The 16 Days of Activism against Gender-Based Violence is an international campaign which takes place each year and runs from 25 November, the International Day for the Elimination of Violence against Women, to 10 December, Human Rights Day. It was originated by activists at the first Women's Global Leadership Institute in 1991 and is coordinated each year by the Center for Women's Global Leadership. It is used as an organizing strategy by individuals and organizations around the world to call for the prevention and elimination of violence against women and girls.
This year’s National theme is “From Peace in the Home to Peace in the Nation: Male engagement for the Safety of Women and Girls! Over the 16 days period the Domestic Violence Act Coalition will engage the communities under the national and regional theme; Every girl counts, what action will you take to keep girls in school?
The theme highlights the need to focus attention on the retention of girls in schools by highlighting structural discrimination of girls throughout the education system right from the home, the school setting, and government policy that impact girls access to education and their experience. The campaign builds onto global efforts to ensure inclusive and equitable quality education articulated in Sustainable Development Goal 4 and 5(Gender Equality) as well as the commitments by Government of Uganda to ensure universal education for all.
Although education is a fundamental human right and governments have committed to ensuring free and compulsory education for all, girls still find it hard to access and advance into higher levels of education.
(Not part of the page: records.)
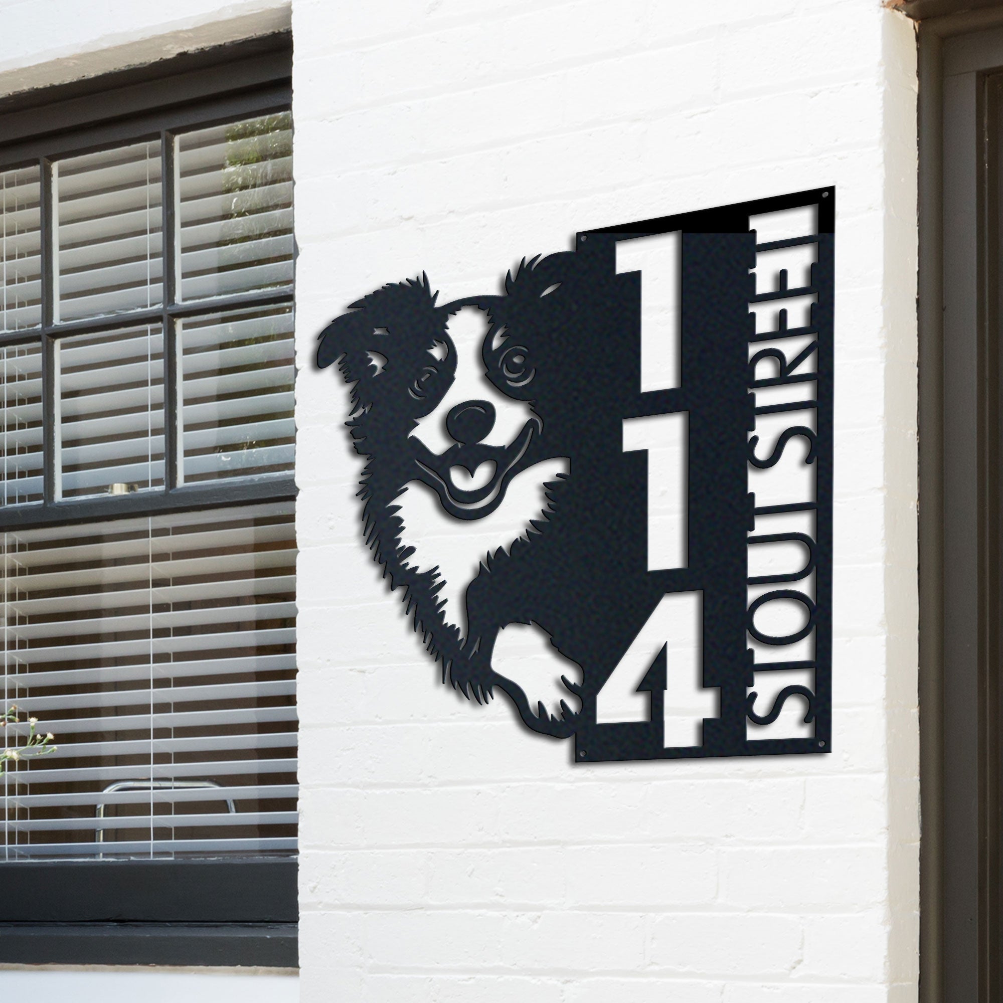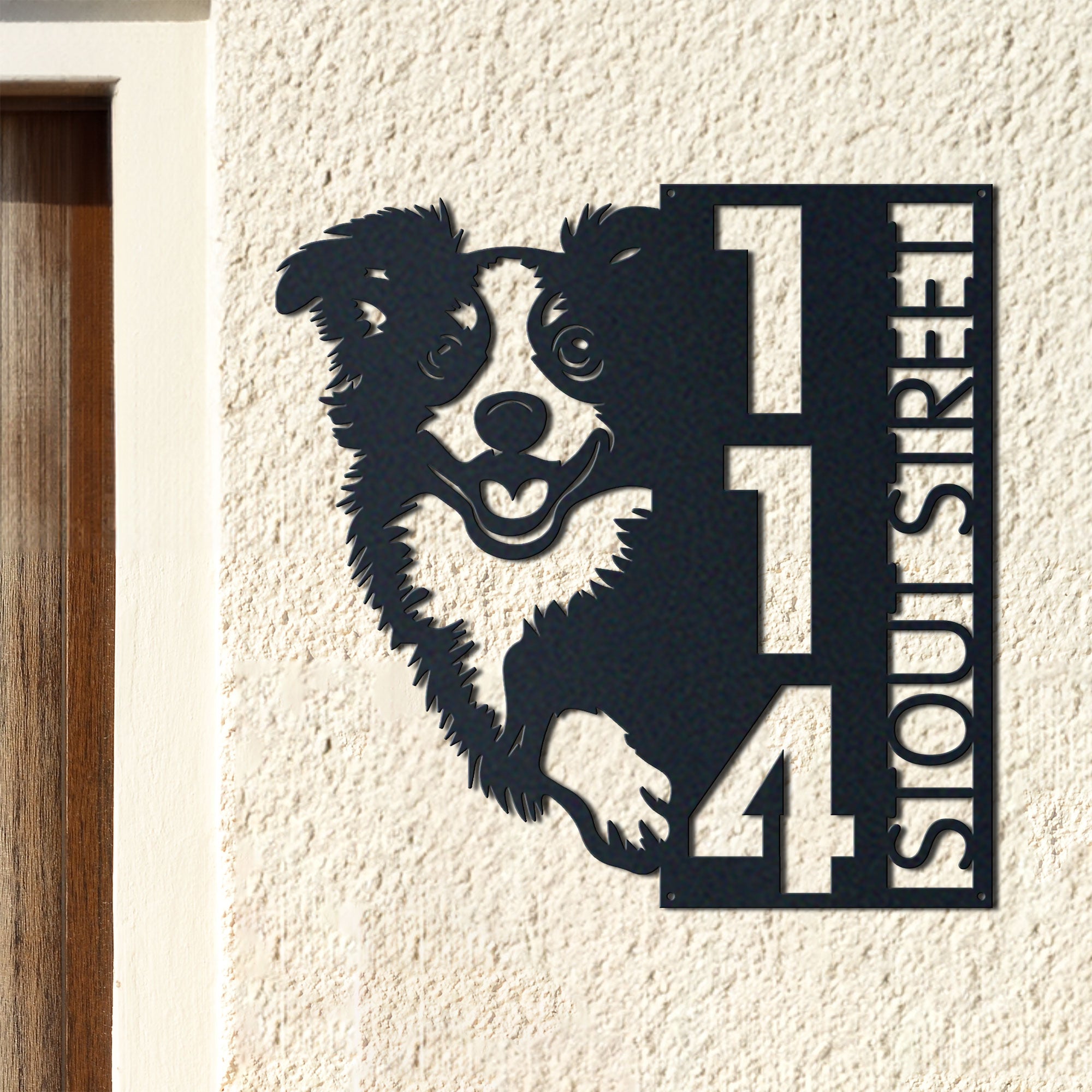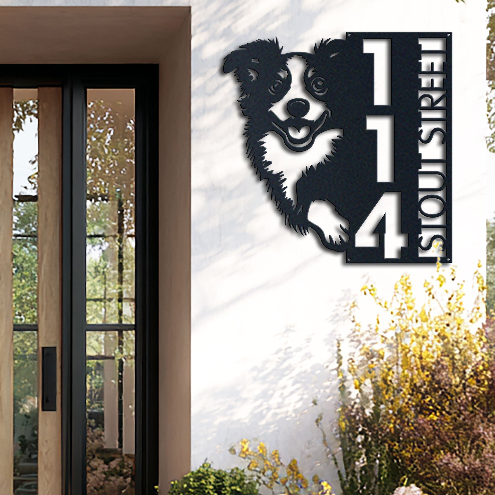 Australian Shepherd Address Sign | Custom Metal Vertical House Number Plaque | Pet Owner Gift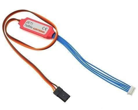 Kontronik TelMe Modules are designed to provide critical data points to compatible radio systems when utilizing appropriate Kontronik ESCs such as the Kosmik and JivePro series of ESCs. Simply plug in the TelMe to both the Kontronik ESC, and correct port on the receiver side, and Telemetry often times is immediately available! Some radio systems will require a firmware update, the purchase of an app, or loading features to the radio before Telemetry is running.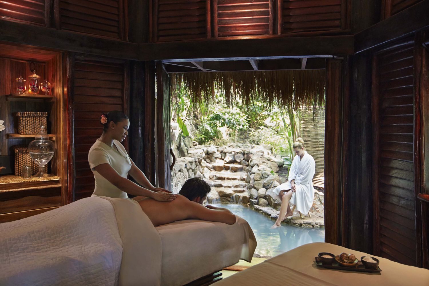Спа-центр состоит из десяти процедурных кабинетов-бунгало, расположенных на разных уровнях в зелени тропических джунглей, включая Suite для пар, поднятый высоко над землей до уровня крон деревьев.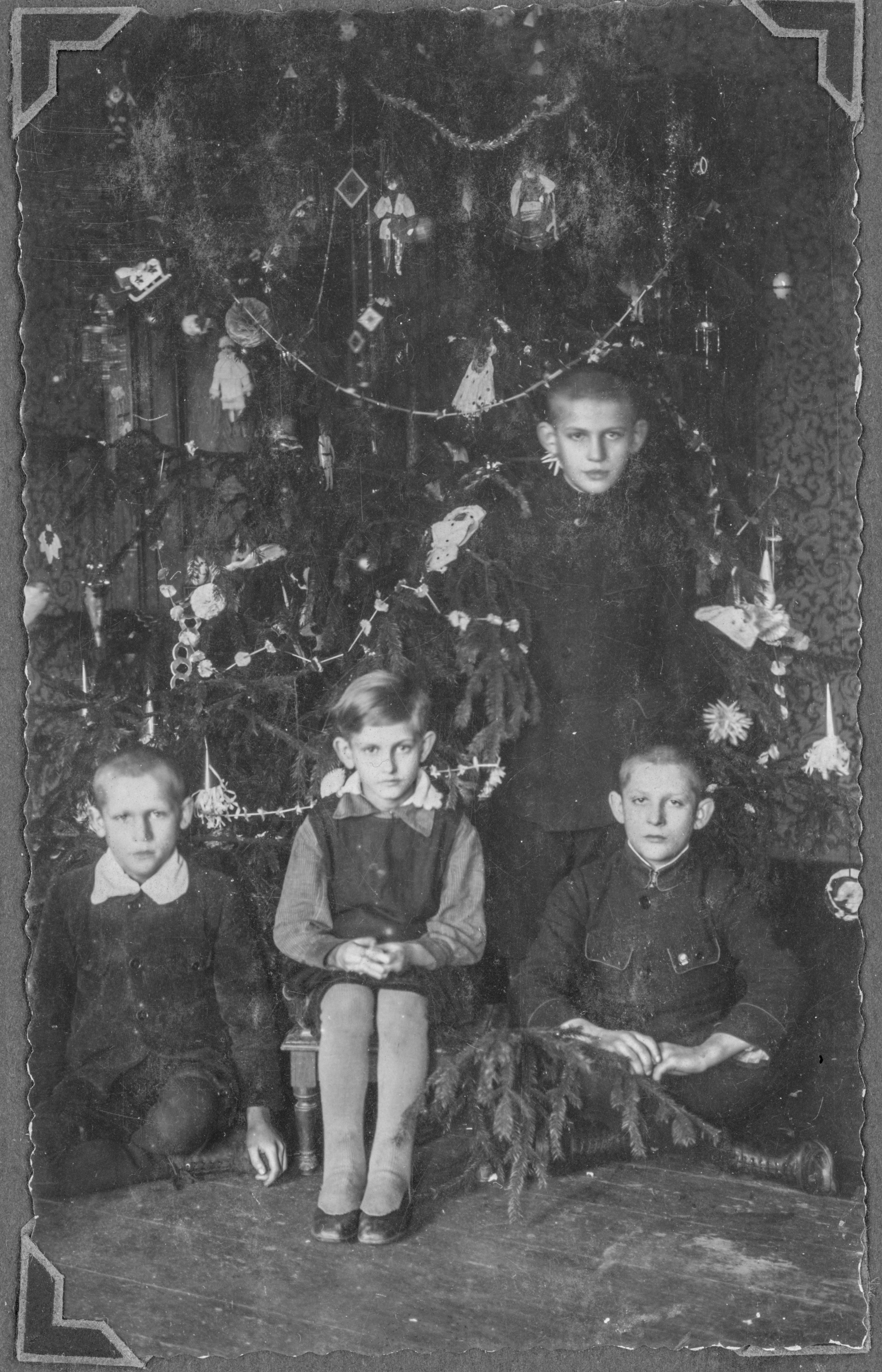 Portret rodzeństwa Grabałowskich przy choince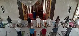 Various alternatives have been proposed for the tradition of handshaking. The gesture of namaste, placing one's palms together, fingers pointing upwards, drawing the hands to the heart, is one non-touch alternative. During the COVID-19 pandemic in the United Kingdom, this gesture was used by Prince Charles upon greeting reception guests, and has been recommended by the Director-General of the WHO, Dr. Tedros Adhanom Ghebreyesus, and Israeli Prime Minister Benjamin Netanyahu.[41] Other alternatives include the popular thumbs up gesture, the wave, the shaka (or "hang loose") sign, and placing a palm on one's heart, as practiced in parts of Iran.[41]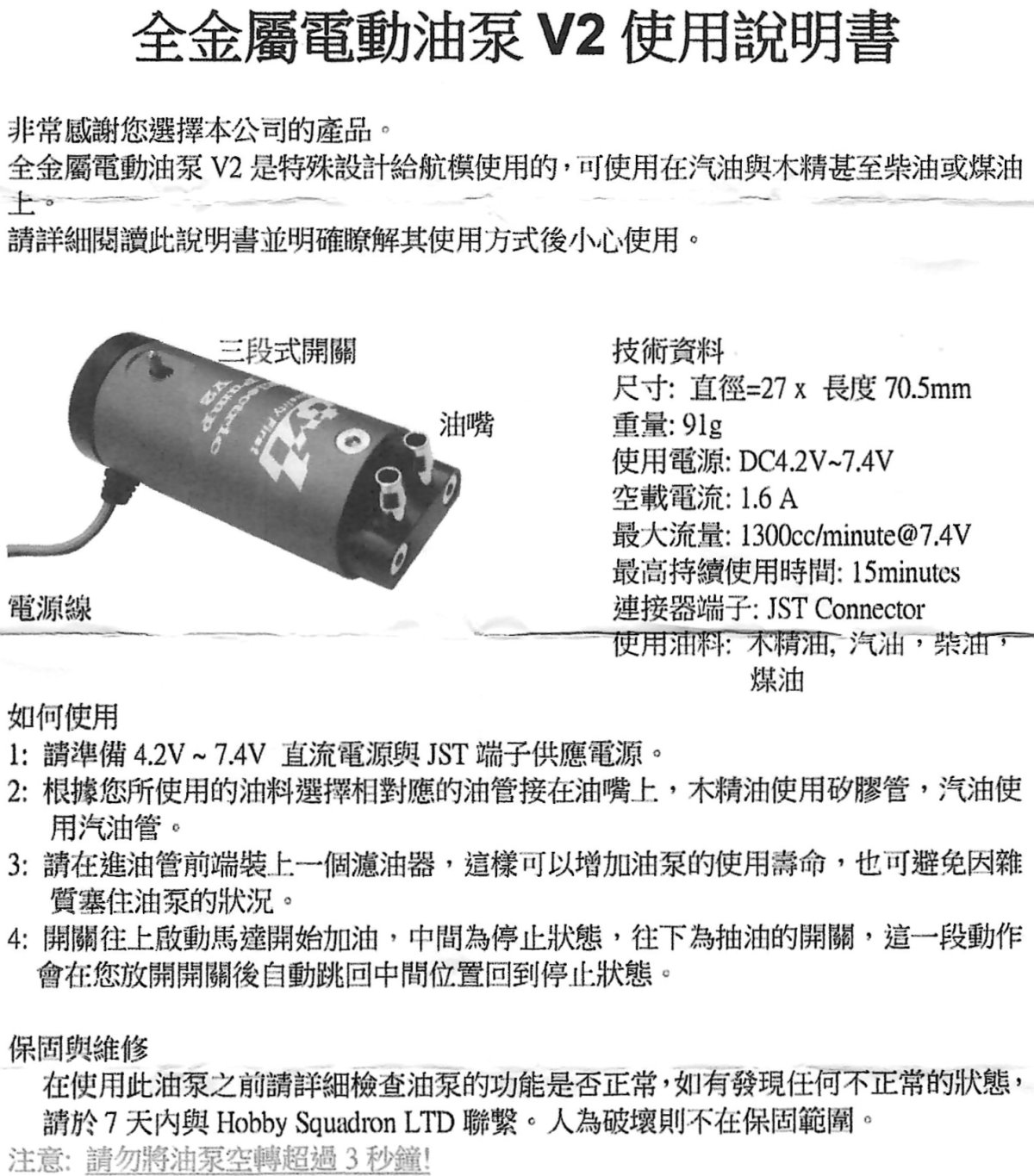 全金屬電動幫浦 V2 (4.2~7.4V)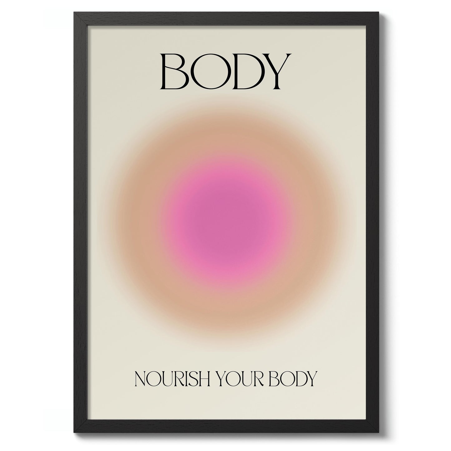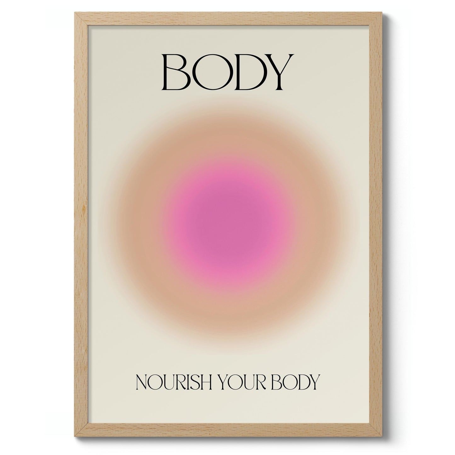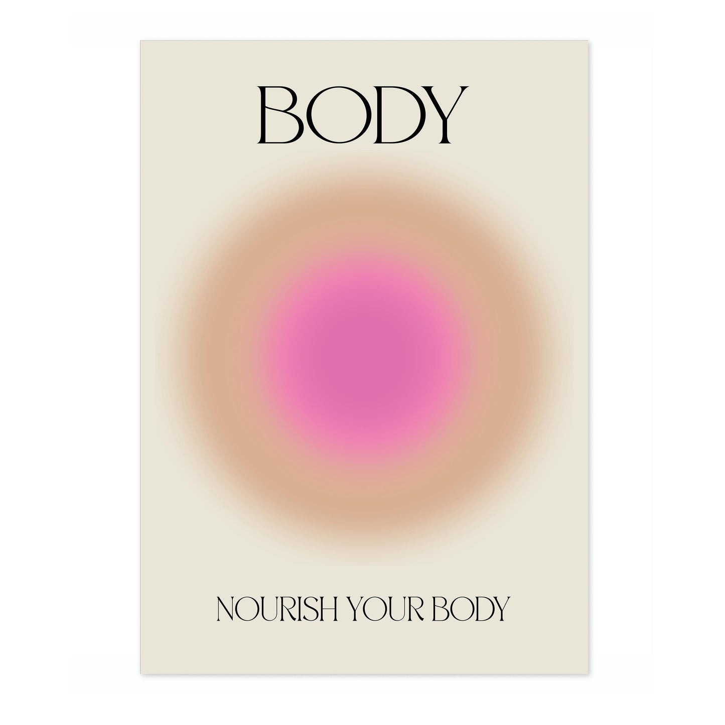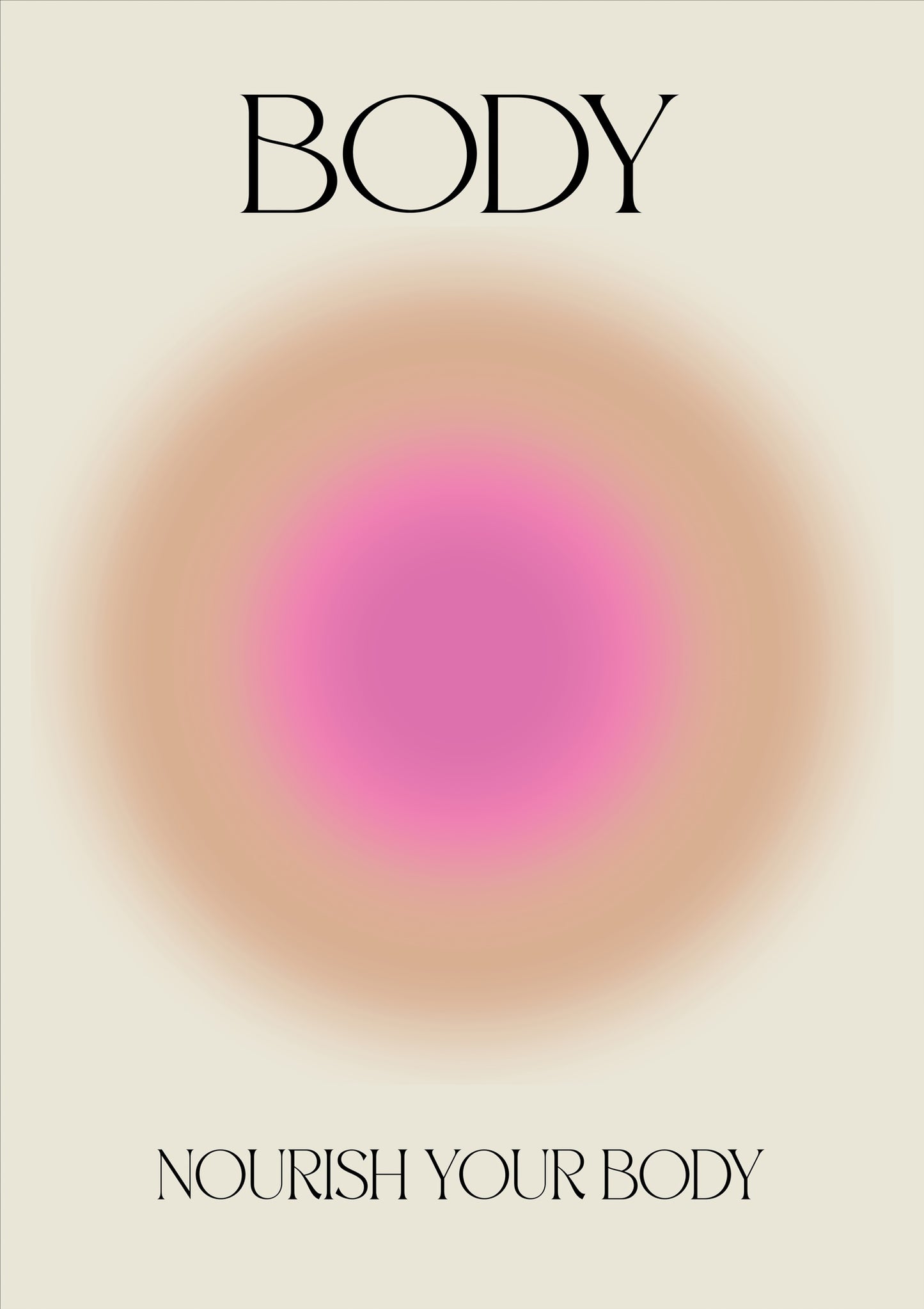 This poster titled "Nourish Your Body" features an abstract, minimalist design focusing on a soft gradient aura. At its center, a warm pink hue transitions to subtle beige and tan tones, encapsulating themes of mindfulness and well-being. Ideal for promoting a calming and introspective atmosphere, this portrait seamlessly blends modern art with wellness themes.

Girls face the biggest barriers in education including; early marriage, teenage pregnancy unfavorable policies, sexual harassment, rape and defilement, social and gender norms that prevent girls from accessing and completing school.
Currently in Uganda women and girls face violence at alarming rates. Reports indicate that;
Violence against women and girls remains epidemically high in Uganda and hinders social and economic development, it prevents girls and women’s equal participation at social, economic and political level, it is extremely costly to families, communities and nations, and it is a profound symbol of gender inequality and social injustice. Additionally, it is a public health concern; increases woman and girls risk to poor health and a driver for HIV/AIDS.
Notwithstanding the fact that the Government of Uganda has over the years demonstrated commitment to prevent and respond to VAWG through the development of appropriate legal and policy frameworks (i.e. the Domestic Violence Act 2010, Anti-female Genital Mutilation Act 2010, the Prevention of Trafficking in Persons Act of 2009 and the National Policy for the Elimination of Gender Based Violence (GBV), VAWG remains a major obstacle to the empowerment of women. Gaps exist due to limited funding for effective prevention and response efforts, inadequate resourcing of the Ministry of Gender Labour and Social Development, the Justice Law and Order Sector (JLOS) institutions, and limited capacity of duty bearers and other stakeholders to implement the legal and policy frameworks.
Uganda has adopted the theme “From Peace in the Home to Peace in the Nation: Male Engagement for the Safety of Women and Girls” based on the prevalence and high levels of social acceptance for VAWG in Uganda currently at 58% for women and 44% for men, (UDHS 2011) and a recognition that the prevention, response and elimination of VAWG requires broad community participation and in particular the engagement of men and boys. Involving men and boys as partners to achieve women’s empowerment and gender equality is an important component of ending violence against women and girls . Accountability to women and girls at every level of male involvement efforts is critical to ethical and effective violence against women and girls programming and to securing women and girls’ full and equal rights. Without accountability, the danger that men are in charge persists; in this case, of women’s rights and well-being, which further undermines women and girls’ agency, voice and leadership, thereby reproducing the very inequality that violence against women and girls work is attempting to shift.